+++ INFORMATION PROVIDED +++

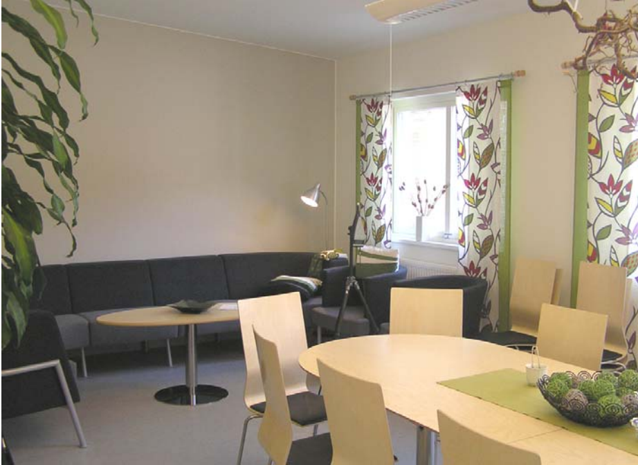
Figure 4. Dining and meeting room at Landskrona Hospital before refurbishment.

The room is used as a dining and meeting room for the staff of the medical emergency department at Landskrona Hospital. The volume of the room is 69 m 3 with a floor area of 25 m 2 . Both ceiling and walls consist of plasterboard without any acoustical treatment. The room before refurbishment is shown in figure 4.
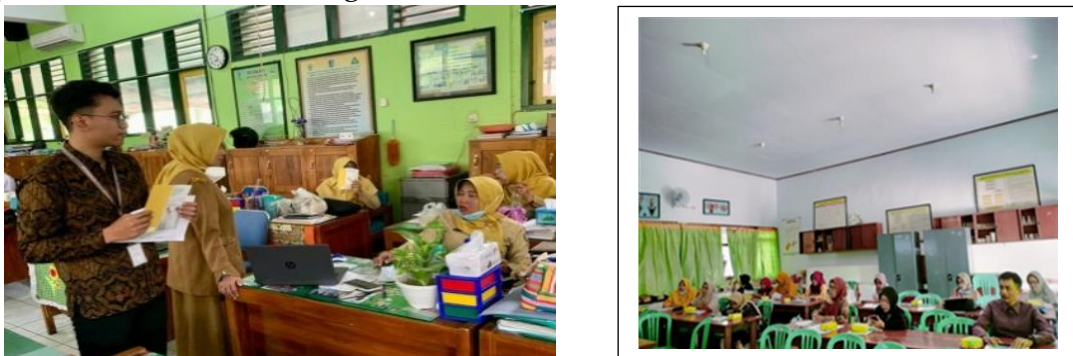
Figure 8. Routine Socialization of Bukopin in Agencies

The purpose of interaction with one or more prospective buyers is to create presentations, answer questions, and procure orders. One of the things that is often done by the Madiun branch, especially the pension credit division, is to carry out routine outreach activities. This socialization activity is often held in an association of more than ten people, participants who attend can also ask questions to the marketing that is in the socialization moment.
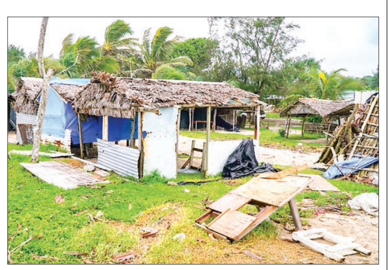
Tropical Cyclone Harold caused widespread damage in Vanuatu.

Harold is that houses have been blown to smithereens, there's nothing to pick up."
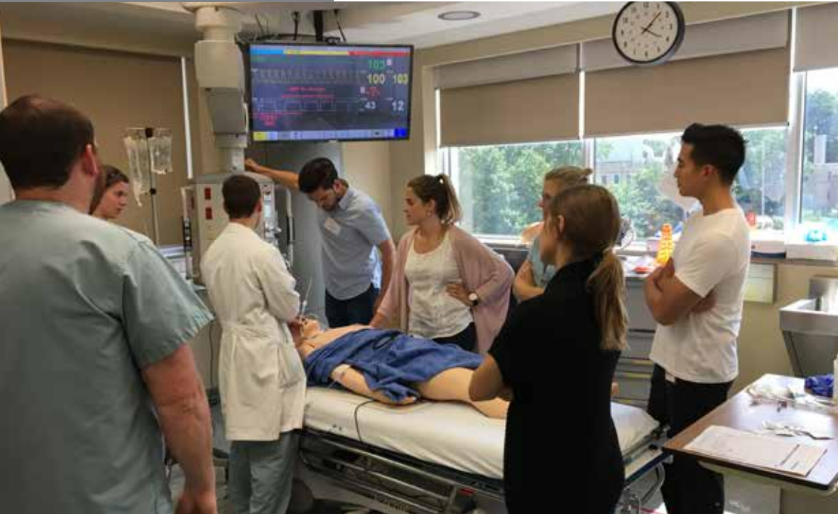
PICTURED LEFT AND BELOW: 2017-2018 PGY 1 SURGERY RESIDENTS PARTICIPATE IN THIS YEAR'S PGY 1 SURGERY RESIDENT BOOT CAMP AT LONDON HEALTH SCIENCES CENTRE'S CSTAR.
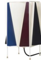
// French Blue
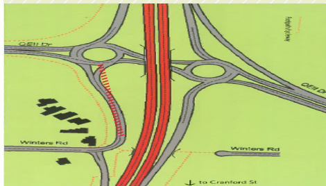
Figure 3 concept drawing 2011 showing two way section Winters Road with QEII Drive. The one section marked in red hashes has now been removed from the final design plans.

See Figure 4 on the back page for details.
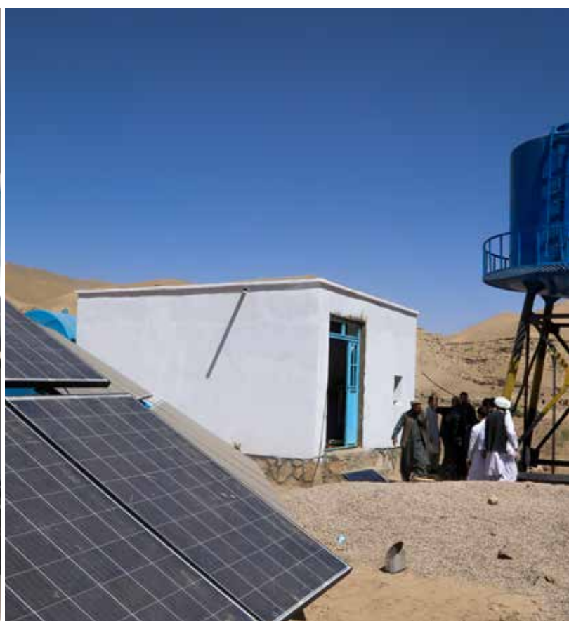
An innovative approach - an RO operator, unit and water treatment system - treating highly saline water to become a safe drinking source, powered by solar energy for sustainability.

“We value the RO unit. Before, there were so many illnesses from drinking bad water or boys who were lost while walking long distances to collect water. The route is not secure. Now, we have drinking water right here, and almost no illnesses anymore. We protect the RO with a guard and a fence we built. When there is fighting, we ask them not to attack the RO ahead of time. Our RO was still damaged once, but we worked together to quickly repair it. It has changed our village.”
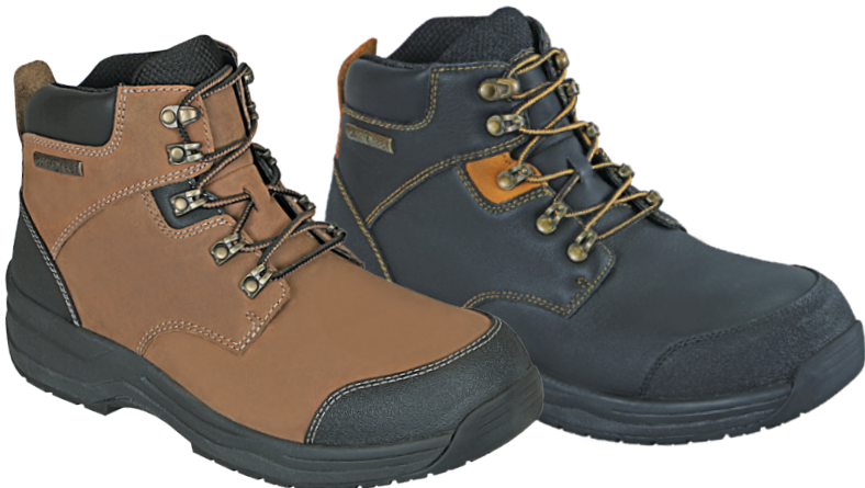
682 Granite Cam
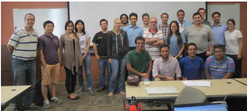
Irvine Short Course Group
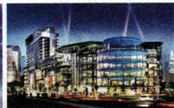
VIBRANT: Sunway Velocity is a sustainable integrated development catering to today's modern lifestyle
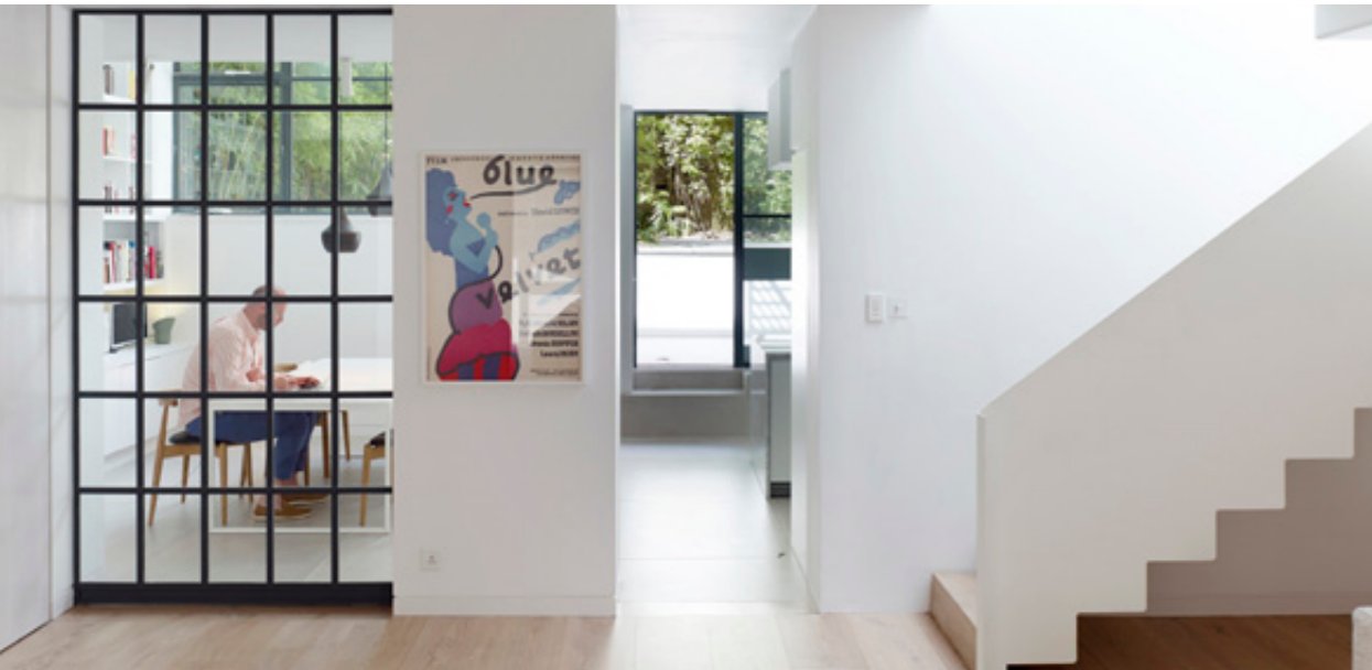
Stiff & Trevillion
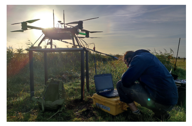
The SeeKaquA project uses a new drone-based measuring system to detect aquifers.

The magnetic field measurements require just a few power sources on the ground and can be taken from the air, covering a large area and enabling detailed analyses of aquifers down to a depth of several hundred meters. The results are used to determine suitable well locations, avoiding mistakes in well drilling. In addition, the researchers combine the geophysical measurements with data from existing boreholes, groundwater samples, and other chemical and geological analyses. This enables them to put together recommendations for a sustainable groundwater management strategy.
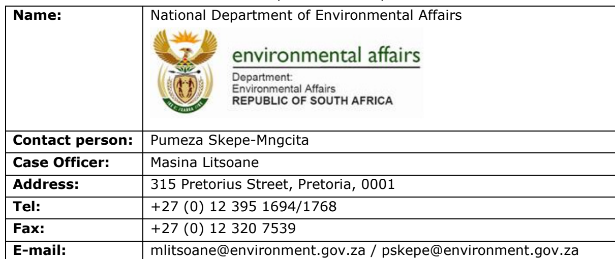
Table 2.3: Details of the relevant competent authority – DEA

The National Department of Environmental Affairs (DEA) will act as the competent authority, while the Department of Water Affairs (DWA) and the Mpumalanga Department of Economic Development, Environment and Tourism (MDEDET) will act as the commenting authority for this application. The mandate and core business of DEA is underpinned by the Constitution and all other relevant legislation and policies applicable to the government.
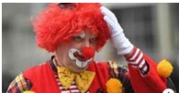
DAILYSQUAT.COM Circuses struggling to find new clowns as top prospects continue to go into politics

That'll do for now. With thanks, once again, to Carol Goddard for help with proof reading.
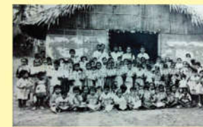
● School - 1958
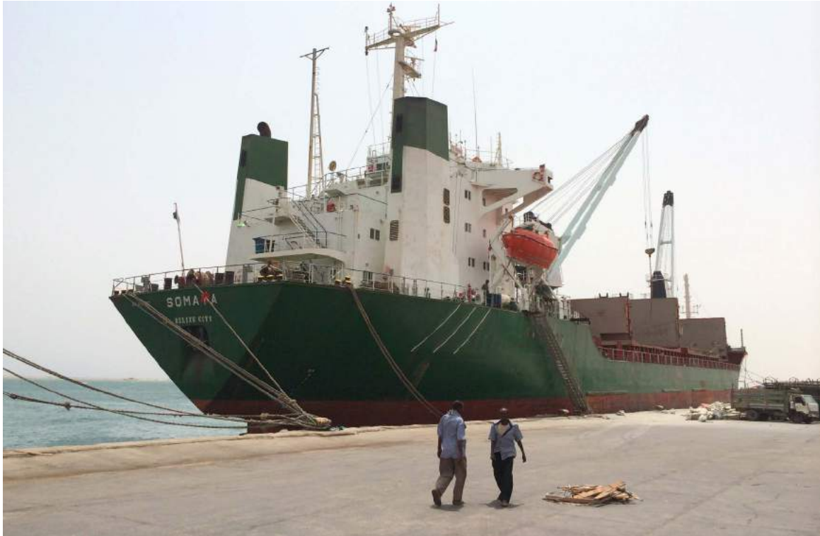
A ship docks at Berbera port.

to expand their public authority by taxing economic transactions. The same applies to the former Islamic Courts Union (ICU) and tax collection by al-Shabaab in the past 15 years. 25
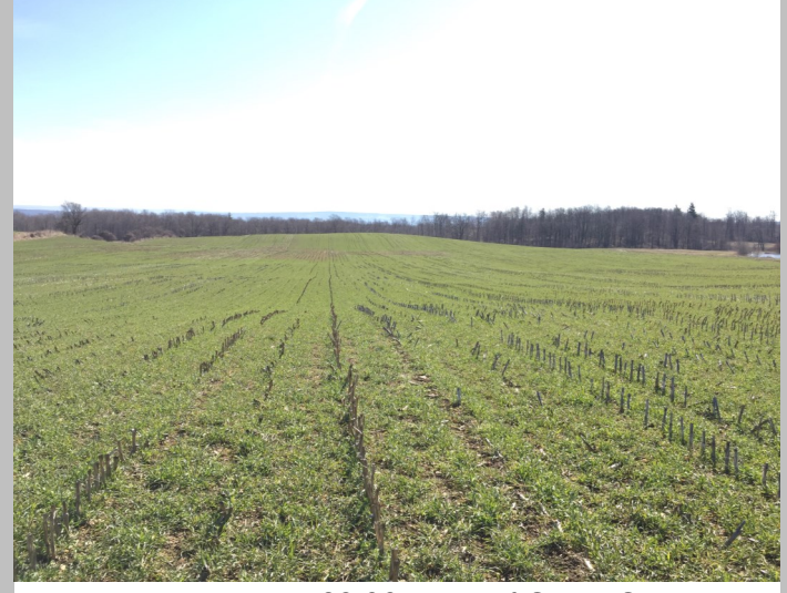
Pankow Farms — 182.00 acres of Cover Cropping
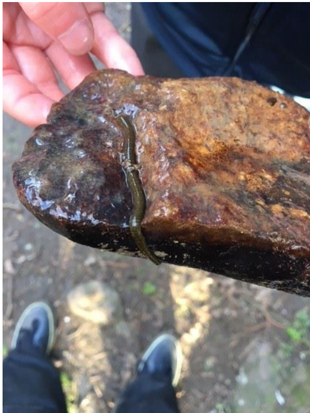
17 - They even found a leech!
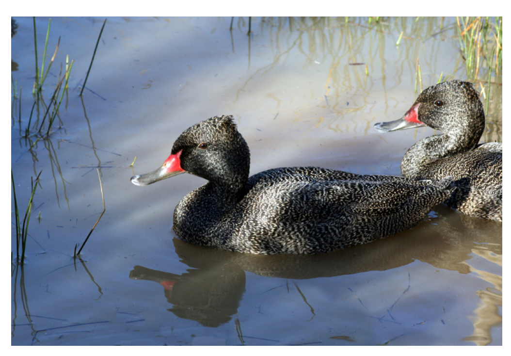
Figure 2.9.4. Freckled Duck (Stictonetta naevosa).

Grey Teal (Anas gracilis), Chestnut Teal (Anas castanea), Pacific Black Duck (Anas superciliosa) and the introduced Mallard (Anas platyrhynchos) are typical dabbling ducks, feeding on the surface of the water on small aquatic animals, floating seeds or stripping seeds from over-reaching grasses and other plants. They are also frequently seen up-ending with the tail sticking out of the water feeding on submerged plants and small mud dwelling animals, which they sift through their bills. They occur in a wide variety of wetlands from large permanent wetlands, rivers, ponds, farm dams and, especially the Chestnut Teal, in coastal waters including bays and estuaries.
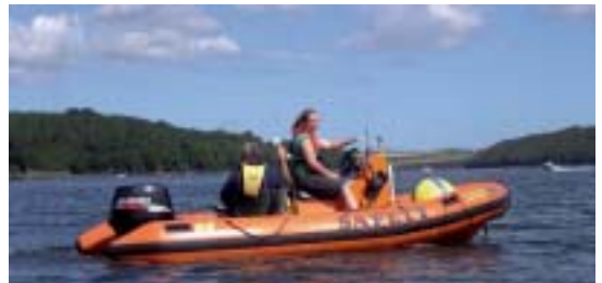
Naomi, Escort RIB, Beggars Reach

With the light and flukey winds that we had for quite a lot of the day we found for the first time that overall we were sailing somewhat slower than many of the other boats, which was somewhat of a surprise, and it did go slightly against the grain to be beaten home by a group of three teenagers from the Neyland club! Clearly light and flukey winds are not our strong point.
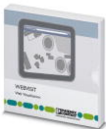
Upgrade license for upgrading from WebVisit 6 Basic to WebVisit 6 Pro

Please be informed that the data shown in this PDF Document is generated from our Online Catalog. Please find the complete data in the user's documentation. Our General Terms of Use for Downloads are valid ( http://phoenixcontact.com/download )
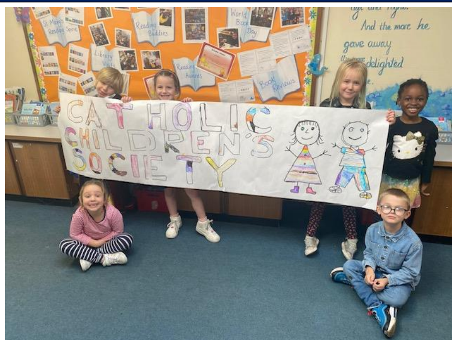
St Mary's Penzance held a non-uniform day!
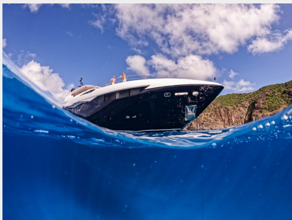
28 - EVER EAST
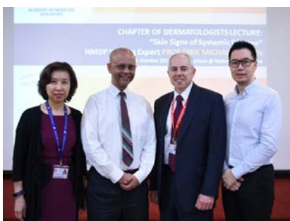
Chapter of Dermatologists Lecture and HMDP Visiting Expert Lecture

10 Nov Venom Immunotherapy Guidelines and Systematic Review
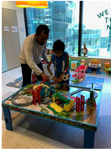
Found the games room

+++

Provide the number of lines in the preceding entries that include the string "Harold", with no other words.

■ REPLY
2